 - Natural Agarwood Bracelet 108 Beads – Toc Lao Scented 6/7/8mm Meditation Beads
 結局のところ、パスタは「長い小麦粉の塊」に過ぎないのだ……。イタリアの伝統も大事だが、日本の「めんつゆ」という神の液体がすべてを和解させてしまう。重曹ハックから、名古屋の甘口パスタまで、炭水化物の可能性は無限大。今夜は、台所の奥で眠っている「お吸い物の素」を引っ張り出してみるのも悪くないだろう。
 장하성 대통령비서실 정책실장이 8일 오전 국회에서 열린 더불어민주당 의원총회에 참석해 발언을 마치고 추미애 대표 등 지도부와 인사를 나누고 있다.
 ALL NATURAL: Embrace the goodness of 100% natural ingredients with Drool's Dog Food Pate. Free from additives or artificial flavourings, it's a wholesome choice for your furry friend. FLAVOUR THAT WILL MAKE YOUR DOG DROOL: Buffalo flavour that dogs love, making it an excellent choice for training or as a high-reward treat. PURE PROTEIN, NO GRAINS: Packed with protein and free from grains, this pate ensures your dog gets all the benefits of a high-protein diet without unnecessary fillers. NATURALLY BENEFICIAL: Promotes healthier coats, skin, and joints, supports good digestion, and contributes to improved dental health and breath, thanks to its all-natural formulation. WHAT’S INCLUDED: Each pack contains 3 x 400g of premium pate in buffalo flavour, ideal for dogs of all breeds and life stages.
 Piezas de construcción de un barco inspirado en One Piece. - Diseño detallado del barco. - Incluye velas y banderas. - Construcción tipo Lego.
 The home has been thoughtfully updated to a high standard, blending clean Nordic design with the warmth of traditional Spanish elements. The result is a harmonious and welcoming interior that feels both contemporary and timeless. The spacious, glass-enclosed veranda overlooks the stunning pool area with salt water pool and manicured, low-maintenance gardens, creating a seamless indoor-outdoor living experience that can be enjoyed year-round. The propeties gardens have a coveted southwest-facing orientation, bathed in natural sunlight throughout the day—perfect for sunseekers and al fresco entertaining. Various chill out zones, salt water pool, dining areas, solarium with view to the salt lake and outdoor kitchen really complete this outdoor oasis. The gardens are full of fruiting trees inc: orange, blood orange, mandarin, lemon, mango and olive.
...
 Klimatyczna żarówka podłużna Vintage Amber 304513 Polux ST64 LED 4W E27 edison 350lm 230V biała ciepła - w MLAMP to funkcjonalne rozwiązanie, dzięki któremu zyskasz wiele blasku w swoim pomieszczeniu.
--
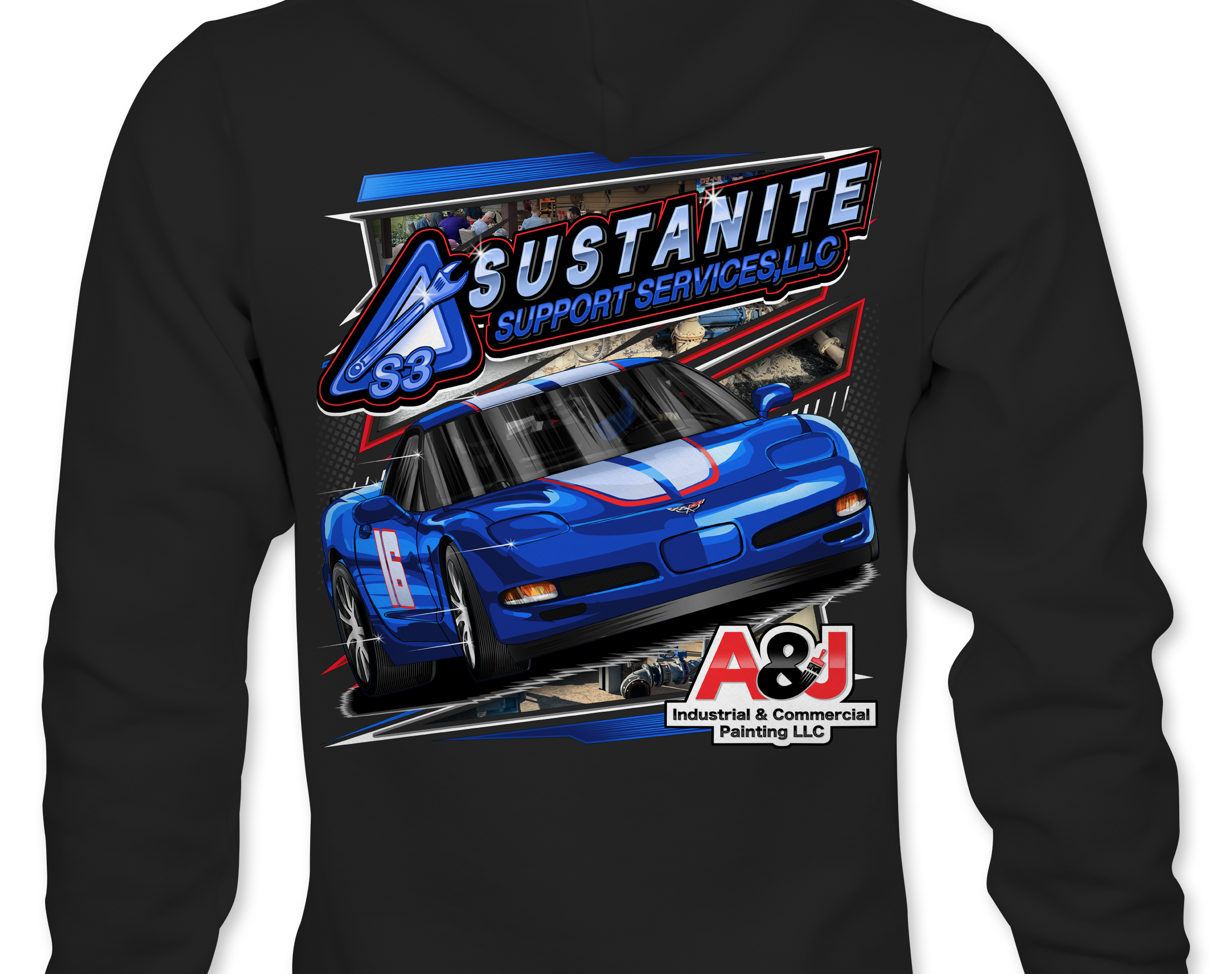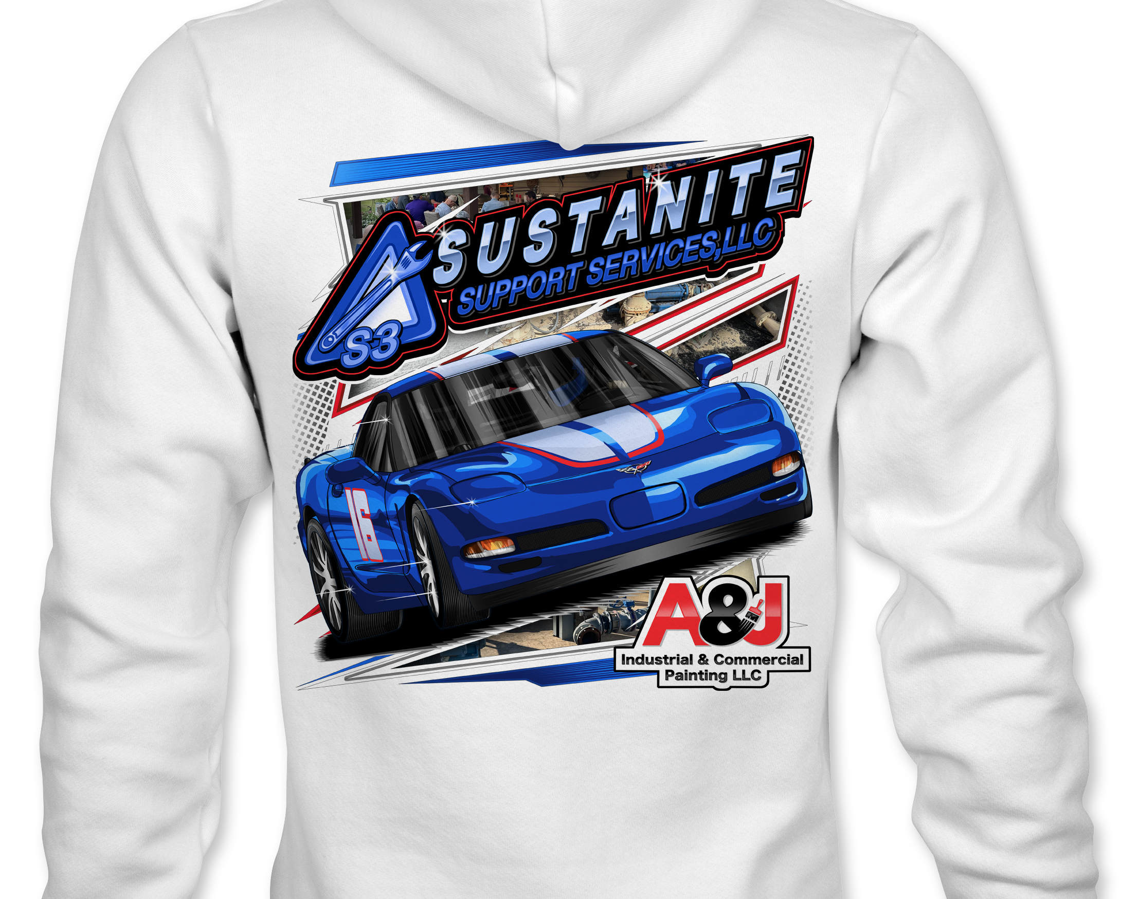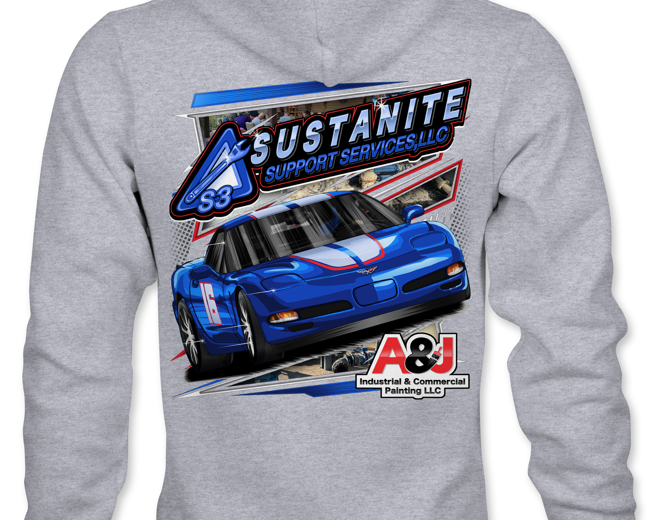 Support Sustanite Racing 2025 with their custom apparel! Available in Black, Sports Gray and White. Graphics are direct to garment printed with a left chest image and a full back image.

Instructions for the task:
From the entries above, write out only the lines starting at the line that holds "- Natural Agarwood" and ending at the line that holds "장하성 대통령비서실 정책실장이", keeping both and matching them exactly.

Answer:
 - Natural Agarwood Bracelet 108 Beads – Toc Lao Scented 6/7/8mm Meditation Beads
 結局のところ、パスタは「長い小麦粉の塊」に過ぎないのだ……。イタリアの伝統も大事だが、日本の「めんつゆ」という神の液体がすべてを和解させてしまう。重曹ハックから、名古屋の甘口パスタまで、炭水化物の可能性は無限大。今夜は、台所の奥で眠っている「お吸い物の素」を引っ張り出してみるのも悪くないだろう。
 장하성 대통령비서실 정책실장이 8일 오전 국회에서 열린 더불어민주당 의원총회에 참석해 발언을 마치고 추미애 대표 등 지도부와 인사를 나누고 있다.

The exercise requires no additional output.